この記事をまとめると
■昔は「外交官ナンバーのクルマには近づくな」といわれていた
■外交官は外交特権によって守られているので「当てられ損」になる可能性があった
■駐車違反や交通違反の反則金を払わないで逃げられることが問題視されている
トラブルばかりな外交官ナンバー問題
以前は「青色の外交官ナンバーを装着したクルマには近付くな」といわれた。青地に白抜きで文字や数字の書かれたナンバープレートを装着する車両は、外国の大使など外交官が使うクルマで、外交官特権によって守られているからだ。「外交官ナンバーのクルマが相手では当てられ損」という話もあった。

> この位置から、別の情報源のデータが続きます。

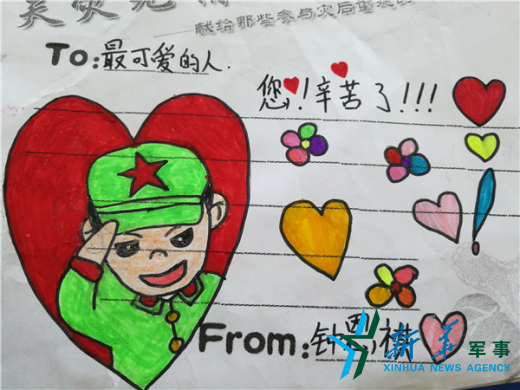 ????“官兵們很辛苦,早上6點(diǎn)就出門,直到深夜才回來(lái)休息。前天晚上,累了一天的官兵打著手電筒,幫助我們學(xué)校清理走廊的垃圾,扶正校園里被臺(tái)風(fēng)吹倒的樹木,讓學(xué)校師生非常感動(dòng)?!蔽寰壍诙?shí)驗(yàn)學(xué)校德育處負(fù)責(zé)人黃森說(shuō),小朋友們想用自己的方式表達(dá)對(duì)官兵的感謝,就自己動(dòng)手制作了感恩卡。
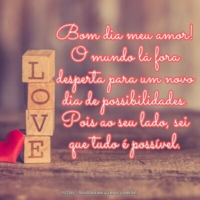 Meu amor, cada novo amanhecer é uma oportunidade de te amar ainda mais. Então, que este dia seja repleto de sorrisos e realizações para nós dois. Bom dia!

この状況は、いまは変わっている。外務省が外交官ナンバーの車両に任意保険の加入を義務付けるようになったからだ。たとえ外国の外交官でも、日本では日本の法律を守って運転するのは当然だ。外交官ナンバーの車両が交通事故の加害者になれば、当然に損害を賠償しなければならない。
しかし、すべてが日本のユーザー、あるいは日本で生活する一般の外国人と等しいわけではない。ウィーン条約に基づき、外交官は刑事事件で訴追されたり身体を拘束されることがないからだ。いわゆる不逮捕特権で守られている。
たとえば交通違反で取り締まられた場合、放置して反則金を支払わないと、日本人では最終的に財産を差し押えられたり逮捕される場合もある。公平性の観点から近年は逃げ得を許さない考え方が根強く、比較的軽微な違反に基づく反則金の未払いでも、無視していると逮捕されたりするのだ。
それが外交官であれば、訴追されたり拘束されない不逮捕特権があるため、逃げ得が許されることもあり得る。
また、車両の安全性で心配なのは、外交官ナンバーの車両が車検制度の対象に含まれないことだ。外交官ナンバーの車両を見ると、メルセデス・ベンツやBMWなどのプレミアムブランドが目立つが、国によっては老朽化した古い日本車を使っている。まれにだが、現役で走っていることが不思議に思える車両も見かける。
多くの外交官は、逮捕されない立場だからこそ、良識のある行動を心掛けていると思う。しかし万が一、そうでない外交官がいた場合、日本人や一般の外国人であれば罰せられるのに外交官だから守られる、その違いは依然として残っているようだ。